What is needed
Only the lines below from the one containing "4_Biike, Kampen 1962" through the one containing "Pietro Marcheselli - Altro/Other" belong in the answer, repeated exactly and without pictures.

Task inputs

***

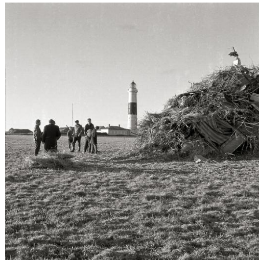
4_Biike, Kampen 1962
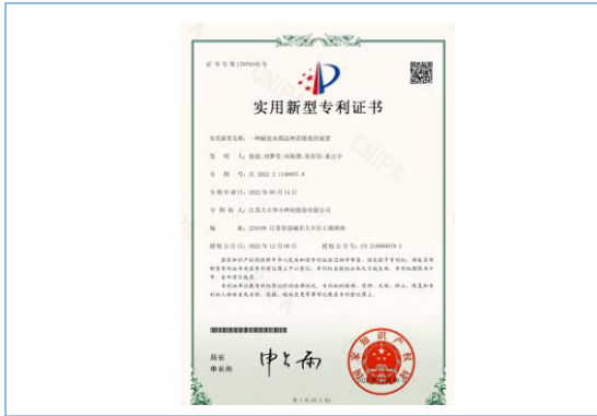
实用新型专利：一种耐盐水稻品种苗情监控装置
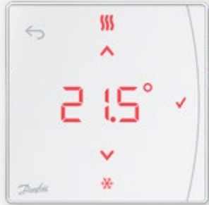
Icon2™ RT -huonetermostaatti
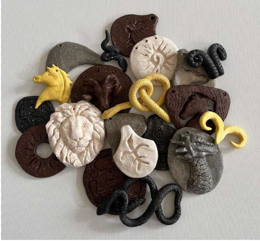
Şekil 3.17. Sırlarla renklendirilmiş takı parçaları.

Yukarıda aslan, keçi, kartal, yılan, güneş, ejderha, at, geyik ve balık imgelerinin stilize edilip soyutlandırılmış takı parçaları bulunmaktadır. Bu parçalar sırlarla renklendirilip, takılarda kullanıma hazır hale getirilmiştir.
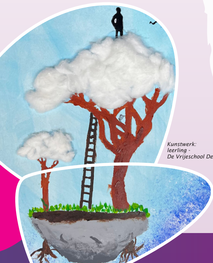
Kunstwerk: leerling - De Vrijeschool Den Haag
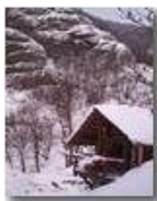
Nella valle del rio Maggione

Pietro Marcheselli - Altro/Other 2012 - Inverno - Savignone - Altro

***

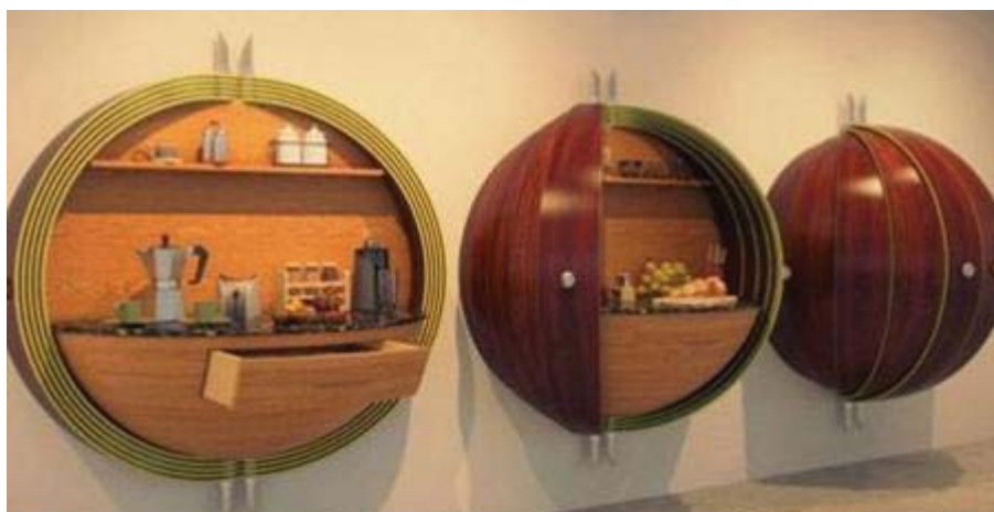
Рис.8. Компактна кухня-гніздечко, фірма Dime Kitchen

***

Answer space
4_Biike, Kampen 1962
实用新型专利：一种耐盐水稻品种苗情监控装置
Icon2™ RT -huonetermostaatti
Şekil 3.17. Sırlarla renklendirilmiş takı parçaları.

Yukarıda aslan, keçi, kartal, yılan, güneş, ejderha, at, geyik ve balık imgelerinin stilize edilip soyutlandırılmış takı parçaları bulunmaktadır. Bu parçalar sırlarla renklendirilip, takılarda kullanıma hazır hale getirilmiştir.
Kunstwerk: leerling - De Vrijeschool Den Haag
Nella valle del rio Maggione

Pietro Marcheselli - Altro/Other 2012 - Inverno - Savignone - Altro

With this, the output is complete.